Mais avant, ça descend fort ! marches, échelles, lacets très

courts, étroits et pentus. Attention à ne pas glisser ! Des

coureurs du Zembrocal nous dépassent (c’est la course en

relais à 4, et la fin de la première étape de 40km ; chacun

défend sa position au classement). Ils sont deux ou trois fois

plus rapides que moi! Comment font-ils sur ce type de

sentier, avec ces cailloux, ces racines partout?
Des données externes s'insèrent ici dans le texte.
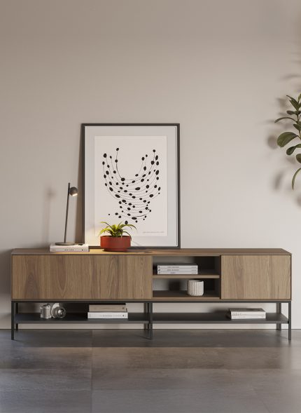 Este aparador en melamina acabado roble destaca por su diseño contemporáneo y elegante, combinando líneas minimalistas con una textura cálida y natural. Su estructura elevada sobre patas metálicas negras aporta ligereza visual y un aire sofisticado que encaja a la perfección en salones, comedores y espacios modernos de estilo industrial, nórdico o urbano.

Cilaos (km 65 – 14h30 de course) Quelques km de

bitume où le drapeau breton de mon sac permet

d’échanger quelques mots avec un coureur de

Vannes et un autre de Perros-Guirec.

Alain vient à ma rencontre avant le ravito, et les

mots que nous échangeons sont moins

impersonnels que ceux échangés avec des coureurs

inconnus. Plus loin, je retrouve Christine et

Nathalie; ma team d’assistance est au complet.
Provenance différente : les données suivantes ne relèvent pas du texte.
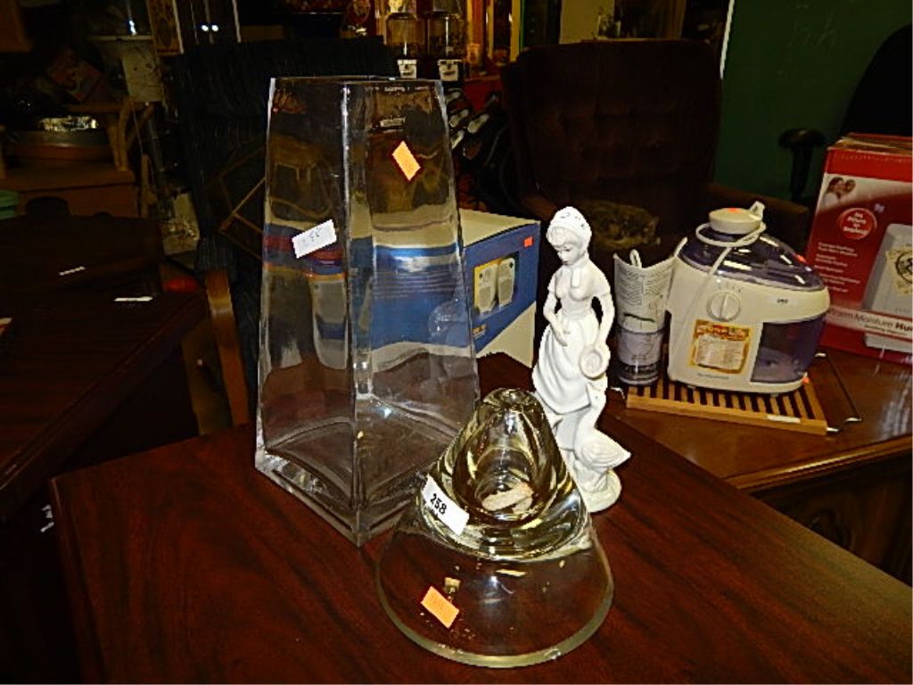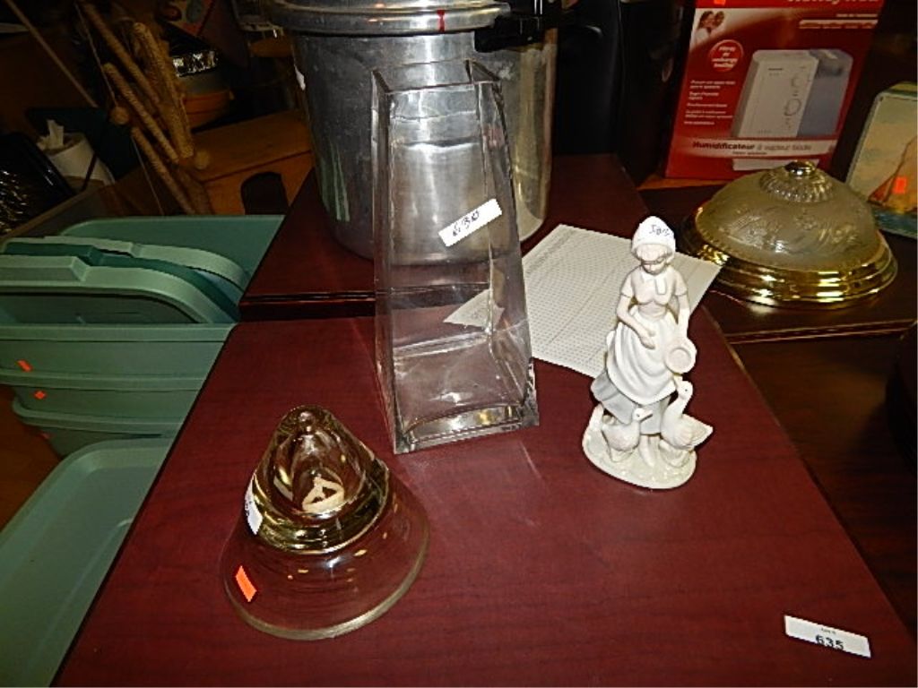 HEAVY GLASS OIL CANDLE WITH CLEAR GLASS VASE AND LADY ORNAMENT

La zone de ravitaillement étant autorisée

uniquement aux coureurs, je demande à Christine

de trouver, en sortie de ravito, un endroit avec de

l’herbe pour me reposer (dormir si possible) 20mn.

Je récupère mon 1er

sac laissé à l’organisation au départ, et me change entièrement dans les

vestiaires du stade. Un peu d’eau sur le corps pour enlever les restes de sueur et me rafraichir ;

passage au stand repas pour un poulet pâtes … que je ne peux pas avaler (les pâtes sont froides et

ultra cuites, et le poulet est trop sec). Je ressors du ravito et suis Christine qui m’installe sur

l’herbe en plein milieu d’une fête foraine : idéal pour refaire mon sac, vérifier ma frontale et ma

montre, et me faire masser les pieds ! Quant à dormir, …c’est compliqué !Je m’allonge 10 mn.

Christine est inquiète de mon mal de ventre et de mes difficultés à avaler du solide. Si la course

était terminée, cela ne poserait pas de problème, mais il reste encore beaucoup de temps à passer

sur les chemins ; beaucoup d’énergie à dépenser dans les ascensions! Ou vais-je trouver cette

énergie si je ne me ravitaille pas suffisamment ?
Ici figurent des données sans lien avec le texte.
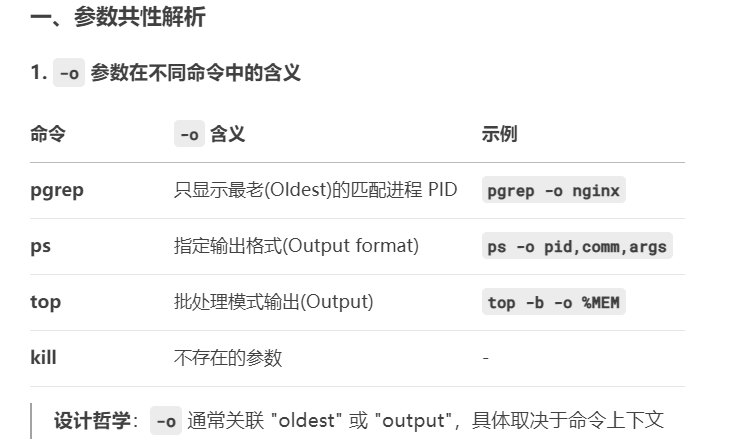 -o 输出/最老进程 一致性:相似功能相似参数

Je décide de repartir. 1heure déjà que je suis arrivé à Cilaos ! Alain m’accompagne. Au bout de

quelques mètres, je m’aperçois qu’il me manque 2 équipements essentiels : mon dossard et ma

casquette ! Mon sherpa pique un sprint pour me rapporter tout cela ! Ouf !

Un autre gros morceau s’annonce : le Taïbit (col à presque 2000m) chemin d’accès au cirque de

Mafate. Après une descente agréable et le franchissement d’un cours d’eau sur des troncs

d’arbre, Alain me laisse continuer seul. On a prévu de se retrouver samedi matin au sommet du

Maïdo. Je ne le sais pas encore, mais ce sera dans 20h !

La montée est entrecoupée d’un ravito bienvenu pour refaire le plein d’eau. Il fait chaud en ce

milieu d’après-midi. Un autre ravito improvisé dans une tisanerie privée, avec des musiciens et

… le père Noël ! Vision incongrue que ce spectateur qui nous encourage dans son déguisement.

Il me faudra 5h30 depuis Cilaos pour, après avoir contourné les 3 Salazes, passer le col du

Taïbit, basculer dans le cirque de Mafate et atteindre Marla en contrebas. J’ai allumé ma frontale;

le soleil s’est couché.

Marla (km77 – 21h de course) Enfin un ravitaillement qui me convient (mon estomac me laisse

tranquille depuis Cilaos): rougail saucisse lentilles et soupe + bananes et oranges [Petite musique

de Jean-Luc dans ma tête : « important la vitamine C Prends en régulièrement ! » Bien compris

Coach !].Je m’assois à une table en prenant le temps de déguster, et je décide de dormir 20mn.

De nombreux coureurs sont déjà allongés à même le sol ; certains dans leur couverture de survie.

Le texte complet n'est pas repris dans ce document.